▶ _INFORMATION SUPPLIED_:
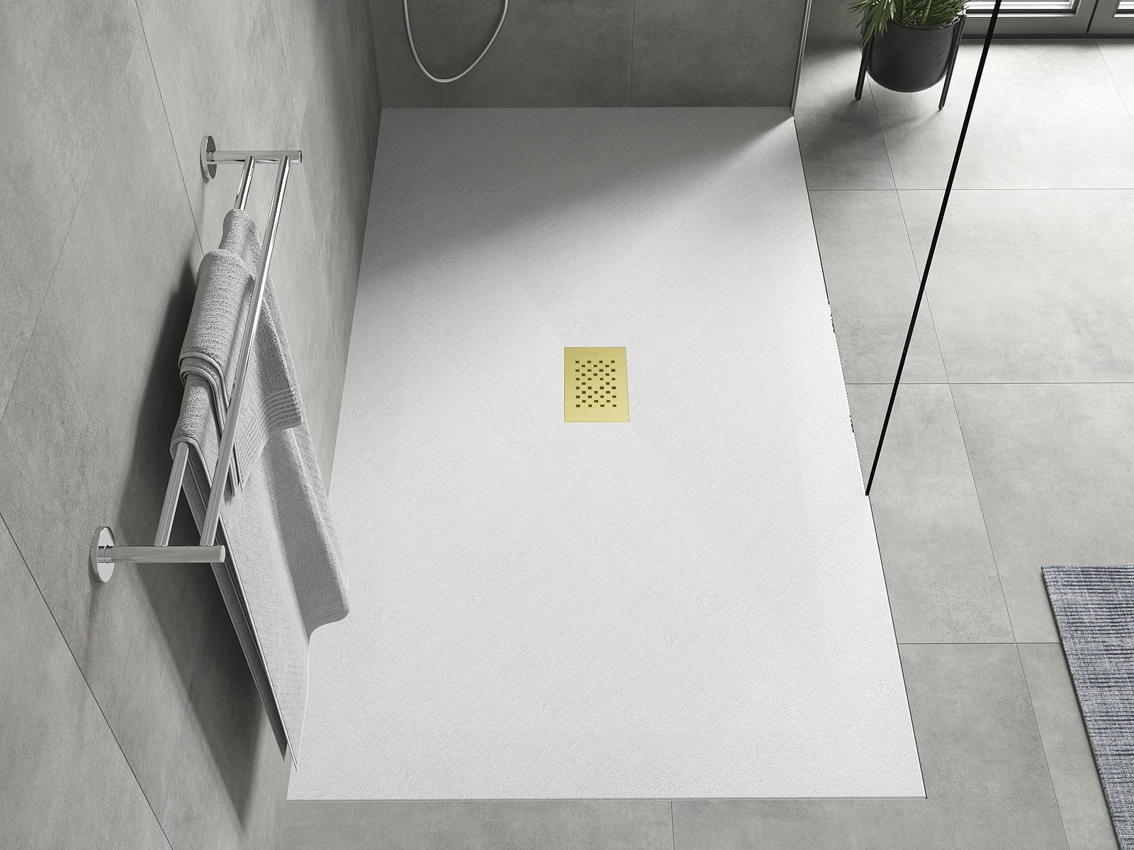 A base de duche foi concebida de forma a permitir que a água escoe livremente na direção do ralo. Assegura uma drenagem rápida e eficiente da água da superfície da base de duche, prevenindo a formação de poças e o alagamento da casa de banho.
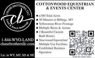 TER: Alpine setting. Beautiful views. Located in the Dillon, MT area. $1,700,000. Call Sidwell Land & Cattle Co., Richard Sidwell, 406-861-4426, 406322-4425 or e-mail sidwell@ sidwell-land.com 10/8
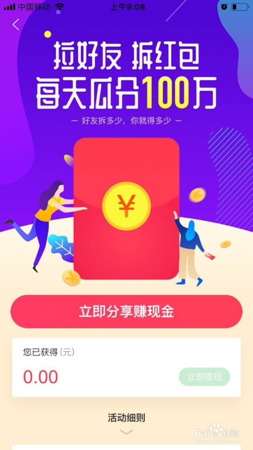 每日拉老友拆红包获得分红:在百度知道APP内点击”当即分享赚现金“,分享链接给老友,老友点击即可拆红包,老友拆几多,本身就可以获得几多。

▶ _WHAT THE TASK REQUIRES_:
Except for the pictures, write the data out exactly.

▶ _WRITTEN RESPONSE_:
 A base de duche foi concebida de forma a permitir que a água escoe livremente na direção do ralo. Assegura uma drenagem rápida e eficiente da água da superfície da base de duche, prevenindo a formação de poças e o alagamento da casa de banho.
 TER: Alpine setting. Beautiful views. Located in the Dillon, MT area. $1,700,000. Call Sidwell Land & Cattle Co., Richard Sidwell, 406-861-4426, 406322-4425 or e-mail sidwell@ sidwell-land.com 10/8
 每日拉老友拆红包获得分红:在百度知道APP内点击”当即分享赚现金“,分享链接给老友,老友点击即可拆红包,老友拆几多,本身就可以获得几多。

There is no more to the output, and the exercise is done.